Trevon Wesco, first of all, is large.  Standing over 6’3″ and just a shade under 270 pounds, he’s as formidable a prospect at the tight end position as you’ll ever find.  He was a welcome surprise in his senior year in Morgantown where emerged as a legitimate downfield threat in the passing game, legitimate enough to gain all-Bi 12 accolades, anyway.  After posting a solid 4.89 time in the 40, Wesco demonstrated sure hands and surprising agility in receiving drills.  NFL teams will like him first and foremost for his pedigree as a run-blocking bulldozer.  However, he also has the raw toolset to develop into a reliable short-yardage receiver either as a tight end or a fullback/h-back in the backfield.  Regardless of where he lines up, Wesco is a football player through and through and he likely made himself a good deal of money in Indianapolis this past week.

Gary Jennings, Jr, WR: Anyone who watched Gary Jennings these past few years knows that he’s an incredibly tough receiver who coincidentally was always getting behind coverage.  All you’ll need to turn to if you’re not convinced of that is this Smithsonian-worthy play.  If there was any Mountaineer that elevated his draft stock significantly at the combine, however, it was Jennings.

20 reps on bench press, 37-inch vertical leap and a blistering 4.42 40 yard dash.  Jennings’ numbers were fantastic and surprised a good number of people, particularly the crowd that labeled Jennings has a possession receiver with below average speed.  At 6’1″ and change and 214 pounds, the Stafford, VA native boasts a big, strong frame that can pack on even more muscle at the next level.  However, the sudden revelation that Jennings has sprinter speed should have NFL teams clamoring to scoop him up earlier than expected and groom him as a big threat in the slot.  For a player that was largely under-appreciated during his time in Morgantown, Gary Jennings owned his time in Indianapolis and proved that he is one of the best wide receiver prospects in the 2019 draft class.  Hawk feathers, all day.

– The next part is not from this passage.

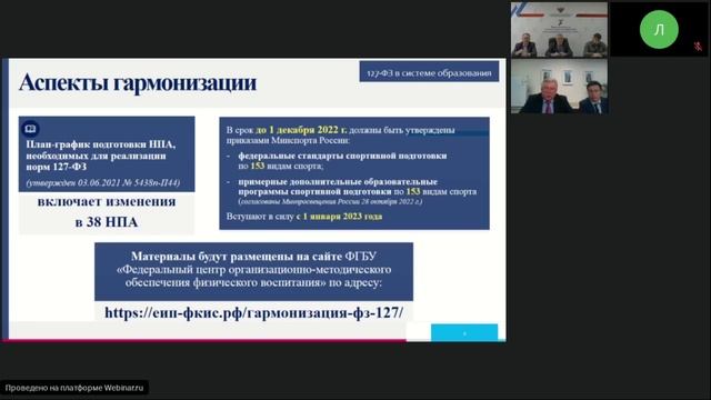 16 ноября 2022 г. в 11-00 (МСК) состоялось совещание в формате ВКС с субъектами Российской Федерации по вопросу практической реализации Федерального закона от 30 апреля 2021 г. № 127-ФЗ «О внесении изменений в Федеральный закон «О физической культуре и спорте в Российской Федерации» и Федеральный закон «Об образовании в Российской Федерации» (далее – Федеральный закон № 127-ФЗ) в части реализации дополнительных образовательных программ спортивной подготовки образовательными организациями системы образования.

David Sills V, WR: The same kid who grabbed a scholarship offer from Lane Kiffin at age 13 is now in line to be drafted as a wide receiver and deservedly so.  Sills’ prodigious touchdown streak at West Virginia the last two seasons did not come without merit as he posted great numbers in Indy, including a surprisingly fast 4.57 time in the 40:

Sills is an interesting prospect.  He’s got a tremendously high ceiling given that he’s only played receiver for just over two years and based on raw talent alone, he’s a developmental dream.  During receiving drills, Sills was sure-handed and looked like a guy in his element.  With his football IQ and quarterback pedigree, Sills could be a dream prospect for a team looking for a red zone threat who can read and decipher any manner of defensive schemes.  If he can add some muscle to his lean frame and develop an extending route tree, David Sills could be a very successful possession receiver at the next level.  Consider his time in Indy a big win.

David Long, Jr, LB: David Long is an animal.  We all know this.  However, the reigning Big 12 DPOY only participated in the bench press (18 reps) this weekend and questions still abound about his size and durability.  If numbers are gospel, especially in a defensively-maligned league like the Big 12, then Long should absolutely be drafted.

If there’s an NFL team out there that likes to zone blitz and plays some variation of Tampa 2, Long is the guy.  He has natural instincts that you simply can’t teach.  Unfortunately, his combine showing was largely limited and one hopes that his pro day showcases more of his physical ability.  Of all of West Virginia’s combine attendees, Long might be the only one who saw his draft stock plateau.  It will be interesting to see what happens with him come the draft in April, but for those of us who have watched him over the last few years, there is no doubt that David Long, Jr, is one of the most exciting defensive prospects to pass through Morgantown and could be an exciting player to watch at the next level.